Re: [idn] An ignorant question about TC<-> SC





On Thu, 25 Oct 2001 16:27:10 +0900 Martin Duerst <duerst@w3.org> writes:
> At 13:02 01/10/23 -0700, liana Ye wrote:
> 
> >  From screen display point view, TC/SC are different glyph
> >  sets(who defines the sets? How is it used by 1/5 of the world
> >population? Is Uicode group the only authoritive one? In
> >China there are over 600 recorded views on this).
> 
> The Han ideographs in Unicode/ISO 10646 are defined by the
> IRG (Ideographic Raporteur Group). This group reports to
> ISO/IEC SC2 WG2, the ISO WG responsible for ISO 10646.
> It is composed of representatives from all the countries
> or similar entities interested in Han ideographs.
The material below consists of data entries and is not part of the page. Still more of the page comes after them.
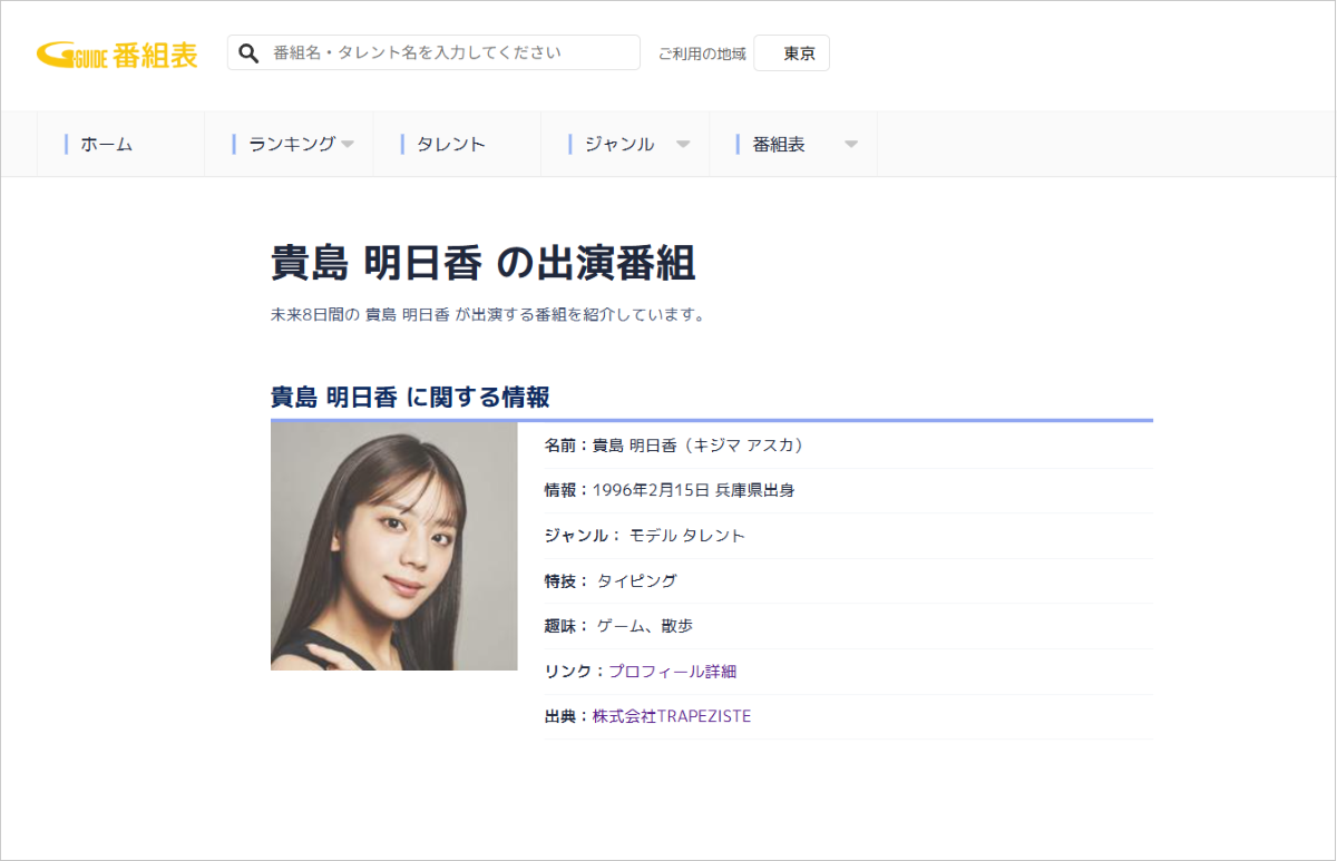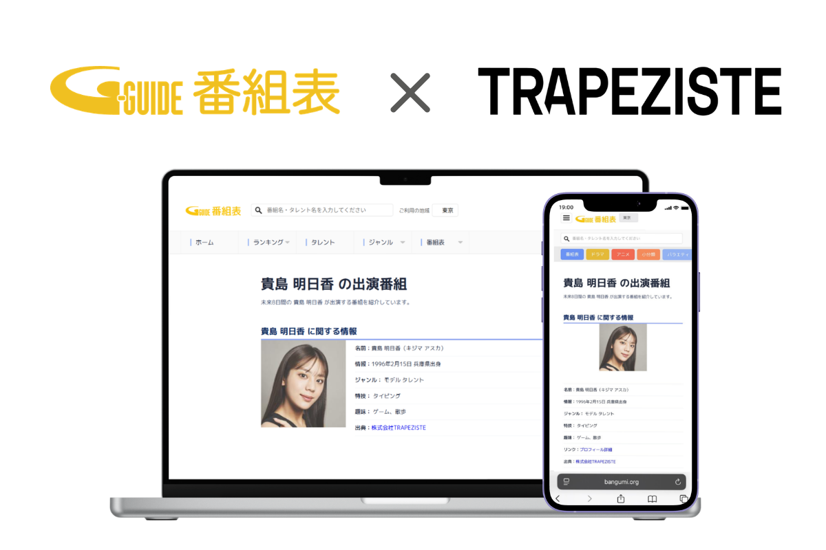 この度、TRAPEZISTEより、所属タレントのプロフィールデータのご提供を受け、「Gガイド」にてタレントの画像や詳細な公式プロフィール情報の表示を開始しました。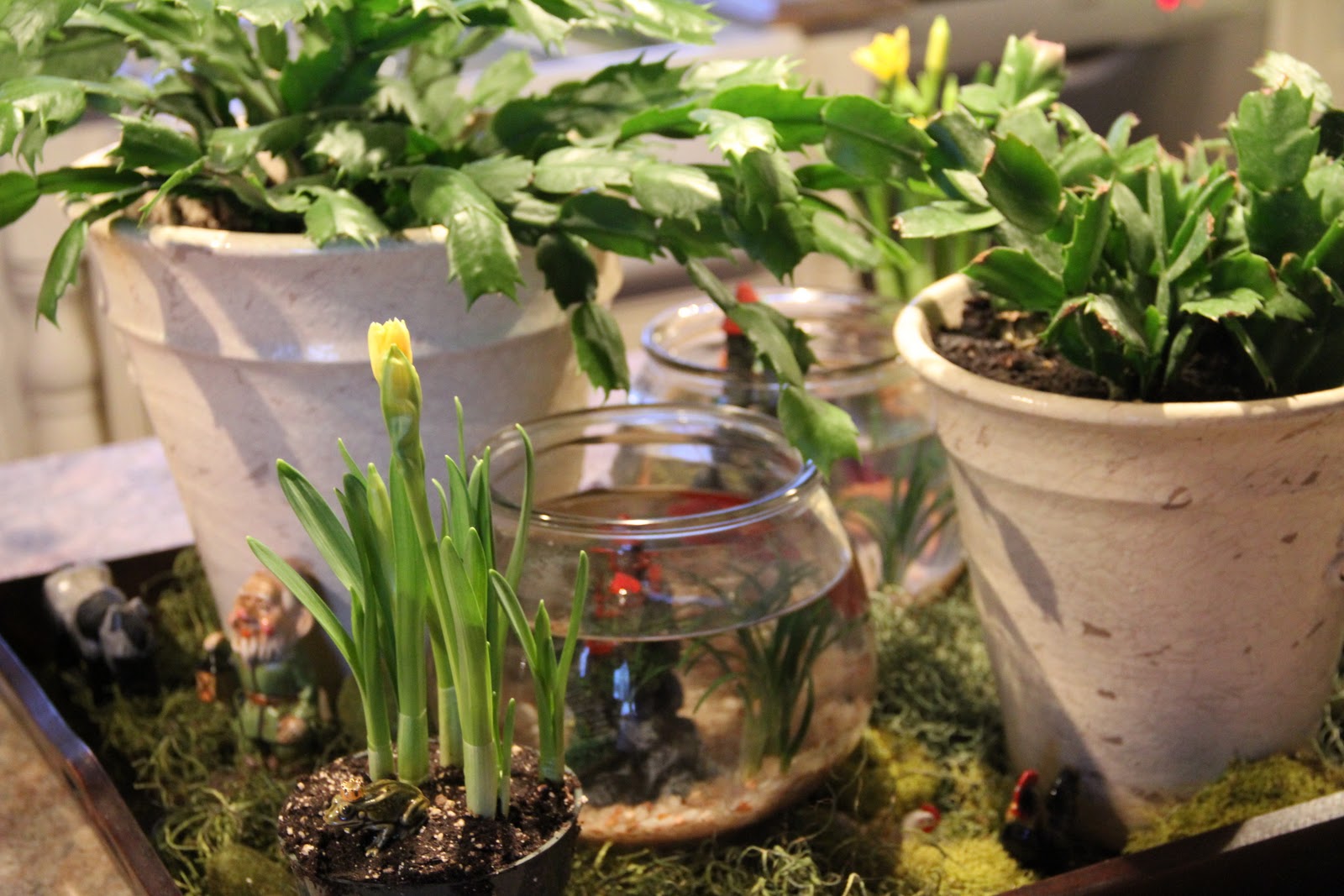 Your little garden is so very cool! I love the little fish bowl and frog {you are so funny!}. It is so nice to see some green, it's snowing here AGAIN!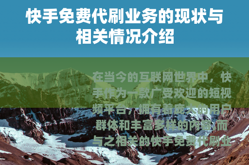 在当今的互联网世界中,快手作为一款广受欢迎的短视频平台,拥有着庞大的用户群体和丰富多样的内容,而与之相关的快手免费代刷业务也逐渐进入了人们的视野。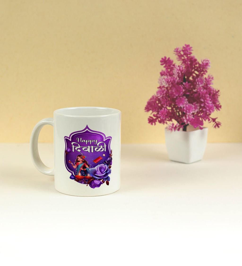Celebrate the festival of lights with every sip! This beautifully designed Happy Diwali coffee mug adds a festive glow to your mornings and cozy evenings. Featuring vibrant diyas and elegant patterns, it's perfect for gifting or enjoying your favorite brew during the celebrations. Make your Diwali sparkle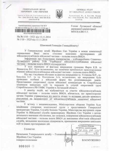 Копия ответа Муженко, а также обращение руководства ООО «УкрВереск» к Г.Москалю добавляется на усмотрение читателей.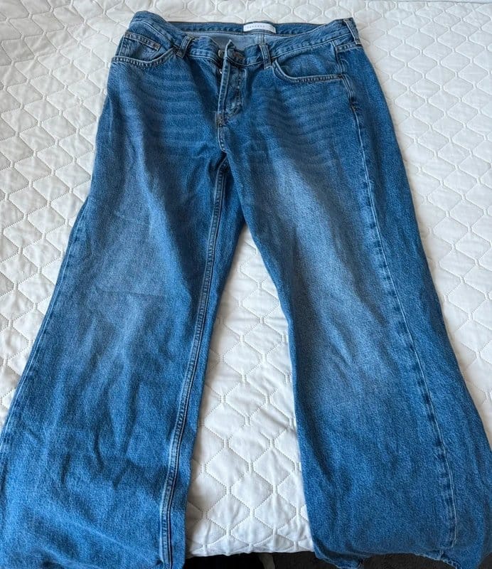 Stylish Topshop blue denim low rise wide leg jeans. Perfect for a casual look with their relaxed fit and classic denim fabric.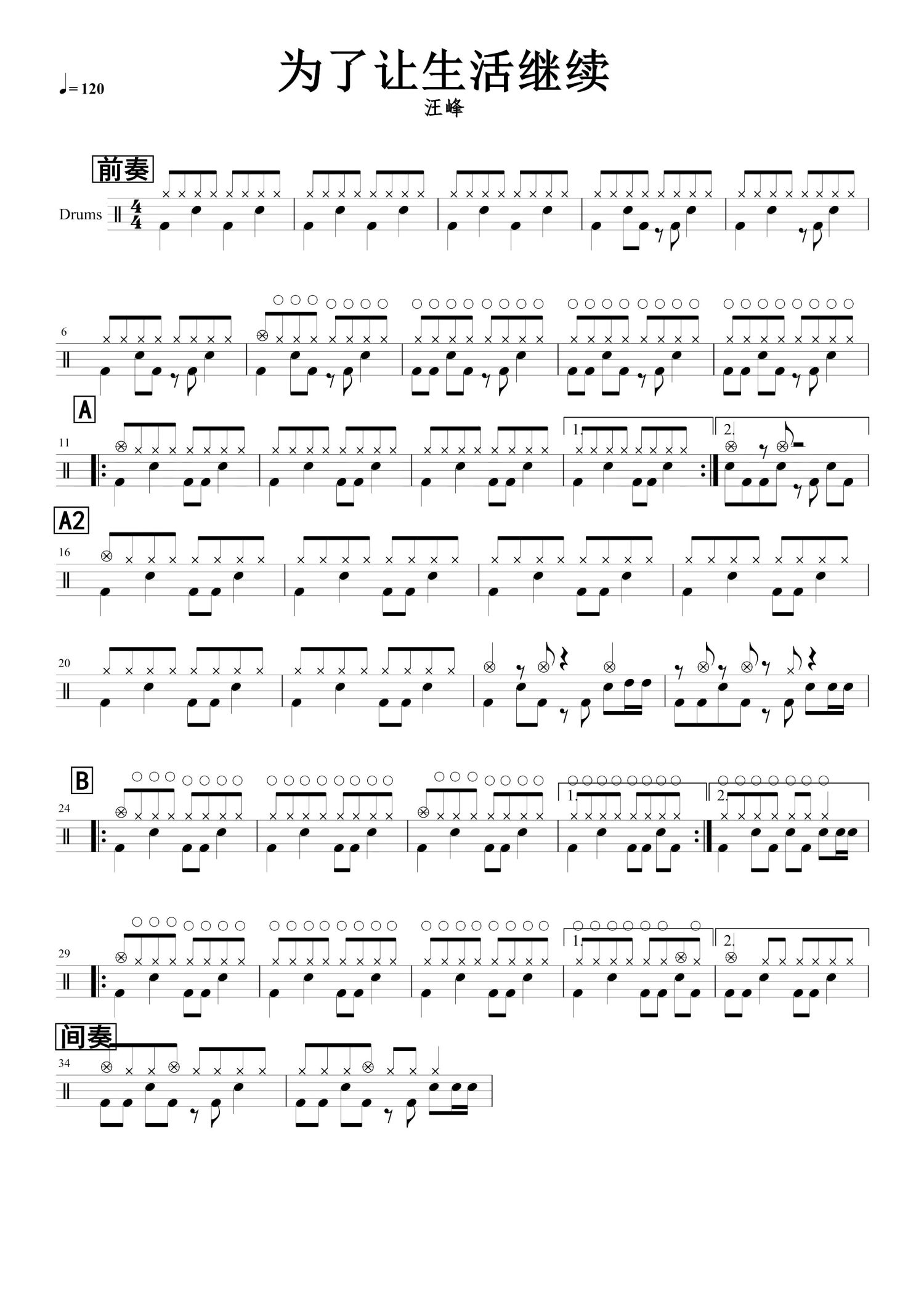 • 为了让生活继续鼓谱 - 汪峰 - 架子鼓谱第1张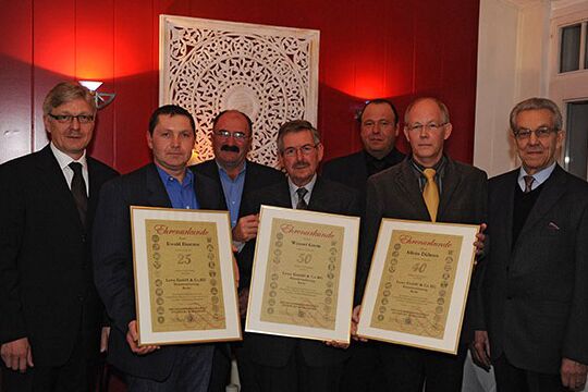 In einer Feierstunde ehrten die Geschäftsführer Ewald und Manfred Lewe verdiente Mitarbeiter der Firma Lewe Bauunternehmung.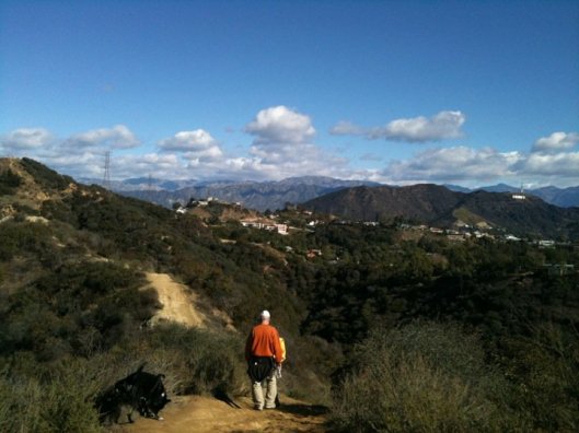 The cold followed me back to LA so I was bundled up and the wind was crazy. At the top of the spine I stopped to put my sweatshirt back on and nearly got blown back down the hill! The wind made for super clear skies though! It was beautiful. You could see for miles in all directions! Blue skies. No smog. Just pretty LA! Riggins and I took our time so we could look around. Notice the picture. PRETTY PRETTY PRETTY + Riggins re-marking what he considers HIS hill!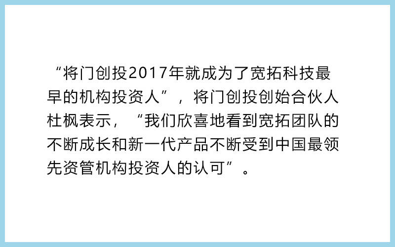 宽拓科技成立于2014年,总部在北京,设立了深圳、上海、杭州分公司,在美国湾区设有研发团队。公司主要是由金融业务专家和技术专家共同发起成立。宽拓科技创始人兼CEO陈明涌表示:“金融科技助力资本市场完成产业升级任重道远,宽拓很感激能与行业里优秀的机构和客户合作,感谢大家给予宽拓不断成长的机会,也很感激投资人的一路支持、让宽拓能坚持做难而正确的事。”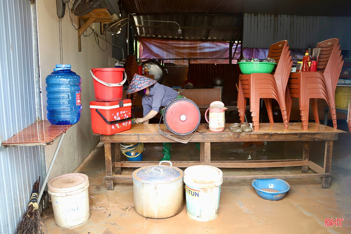 Cũng tại địa bàn xã Cẩm Duệ, nhiều tiểu thương tại chợ Vực đang tất bật dọn dẹp, nỗ lực "cứu" tài sản sau nhiều ngày chìm trong nước lũ.

That
> includes China, Japan, Korea (both South and North), Taiwan,
> Hong Kong, Singapore, and the US (I hope I didn't forget
> anybody, and please excuse the maybe politically uncorrect
> shortcuts). The US is the only country represented without
> a tradition of using Han ideographs, but usually only
> sends a small delegation and mainly helps with wording.
> Many other countries may send rather large delegations
> (given the number of characters, which means a lot of
> work, this is no surprise). The Unicode consortium
> participates in the IRG with an observer status only.
> 
> The IRG has published guidelines for deciding when to
> unify two occurences and when not. Because of the very
> huge number of characters, there is in some cases indeed
> a thin line as to whether something should be unified or
> not. And in these cases, the IRG just has to make a decision.
> 
> Overall, the guidelines are somewhat difficult to understand
> at first, but they are designed mainly with a 'least surprise
> to the average user' in mind, and I think they have achieved
> this goal very well. The guidelines are based on earlier
> ones used for the Japanese standard.
> 
> The core of the guidelines says that if two characters look
> significantly different, then they are encoded with two codes
> even if they e.g. are one-to-one SC/TC equivalents. This is
> to avoid suddenly changing the appearance of letters for a
> user who may not be familiar with the significantly differently
> looking shape. On the other hand, cases where there is only
> a small difference in shape are unified (i.e. only one code)
> unless this small difference in shape makes an actual
> difference in meaning.
> 
> Overall, the results are so that if you present a text
> where you change the glyph shapes within the range that
> is unified, people who have done basic education but don't
> know about different shapes (e.g. people in Taiwan or
> Hong Kong who only know about TC, or people in China or
> Singapore who only know about SC, or people in Japan who
> only know about the forms used in Japan) will read over
> these changes without problems, and might at some points
> say 'this looks a bit strange', but will still identify
> the character.
> 
> There are some exceptions to these rule related to backwards-
> compatible roundtripping (source separation rule).
> 
> 
> Hope this helps,      Martin.

In another word, the fundimental work from UCS is the to table 
glyphs based on their visual distinction.  Then why this group 
get into the guide line work in normalization of characters? Why
they give advice such as "not put TC/SC into" another table 
for a different purpose?

Liana